• **Your goal**: Return the listing below exactly, with the pictures dropped.

• **Source data**:
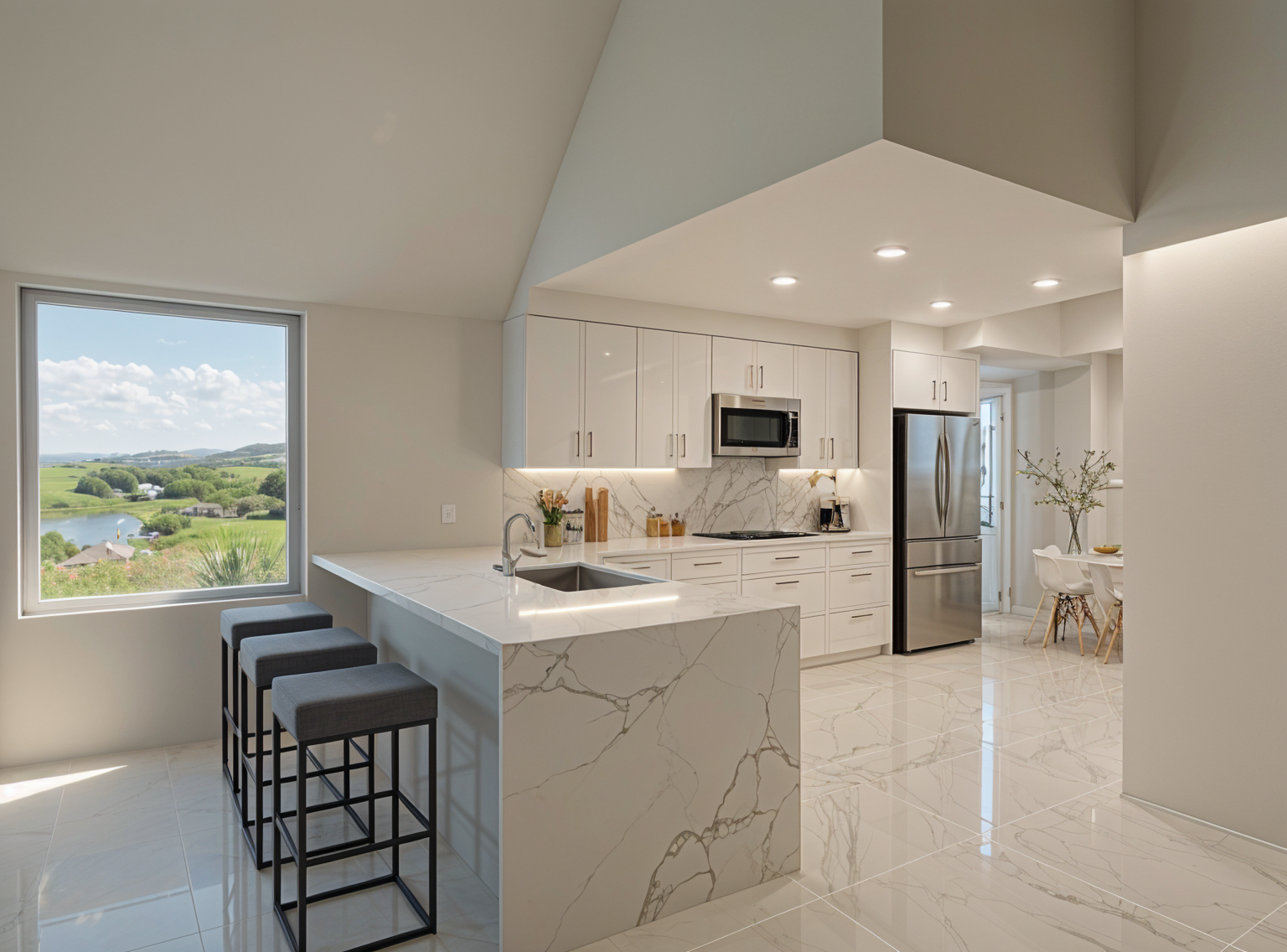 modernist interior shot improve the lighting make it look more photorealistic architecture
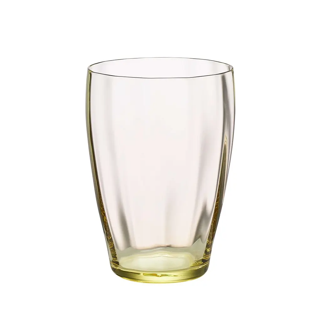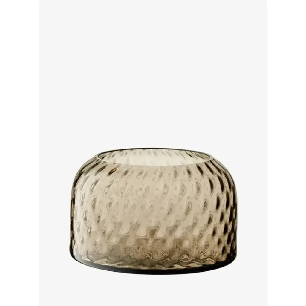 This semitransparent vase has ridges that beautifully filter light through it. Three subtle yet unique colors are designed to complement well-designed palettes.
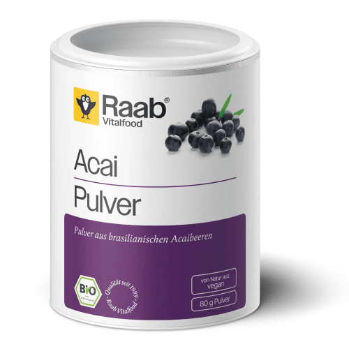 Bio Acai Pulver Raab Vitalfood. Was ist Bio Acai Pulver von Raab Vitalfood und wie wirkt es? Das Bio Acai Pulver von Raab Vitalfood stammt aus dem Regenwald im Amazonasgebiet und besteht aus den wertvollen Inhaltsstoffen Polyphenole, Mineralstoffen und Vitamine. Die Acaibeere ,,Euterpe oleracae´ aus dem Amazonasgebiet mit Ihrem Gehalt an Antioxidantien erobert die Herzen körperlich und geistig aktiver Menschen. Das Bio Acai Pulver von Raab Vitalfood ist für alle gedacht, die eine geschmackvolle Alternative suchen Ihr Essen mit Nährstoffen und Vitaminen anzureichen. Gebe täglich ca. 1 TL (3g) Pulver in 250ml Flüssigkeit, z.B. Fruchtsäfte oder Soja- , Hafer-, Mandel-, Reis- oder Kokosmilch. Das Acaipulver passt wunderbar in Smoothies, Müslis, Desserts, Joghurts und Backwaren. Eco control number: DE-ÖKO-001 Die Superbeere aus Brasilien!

• **Exercise answer**:
 modernist interior shot improve the lighting make it look more photorealistic architecture
 This semitransparent vase has ridges that beautifully filter light through it. Three subtle yet unique colors are designed to complement well-designed palettes.
 Bio Acai Pulver Raab Vitalfood. Was ist Bio Acai Pulver von Raab Vitalfood und wie wirkt es? Das Bio Acai Pulver von Raab Vitalfood stammt aus dem Regenwald im Amazonasgebiet und besteht aus den wertvollen Inhaltsstoffen Polyphenole, Mineralstoffen und Vitamine. Die Acaibeere ,,Euterpe oleracae´ aus dem Amazonasgebiet mit Ihrem Gehalt an Antioxidantien erobert die Herzen körperlich und geistig aktiver Menschen. Das Bio Acai Pulver von Raab Vitalfood ist für alle gedacht, die eine geschmackvolle Alternative suchen Ihr Essen mit Nährstoffen und Vitaminen anzureichen. Gebe täglich ca. 1 TL (3g) Pulver in 250ml Flüssigkeit, z.B. Fruchtsäfte oder Soja- , Hafer-, Mandel-, Reis- oder Kokosmilch. Das Acaipulver passt wunderbar in Smoothies, Müslis, Desserts, Joghurts und Backwaren. Eco control number: DE-ÖKO-001 Die Superbeere aus Brasilien!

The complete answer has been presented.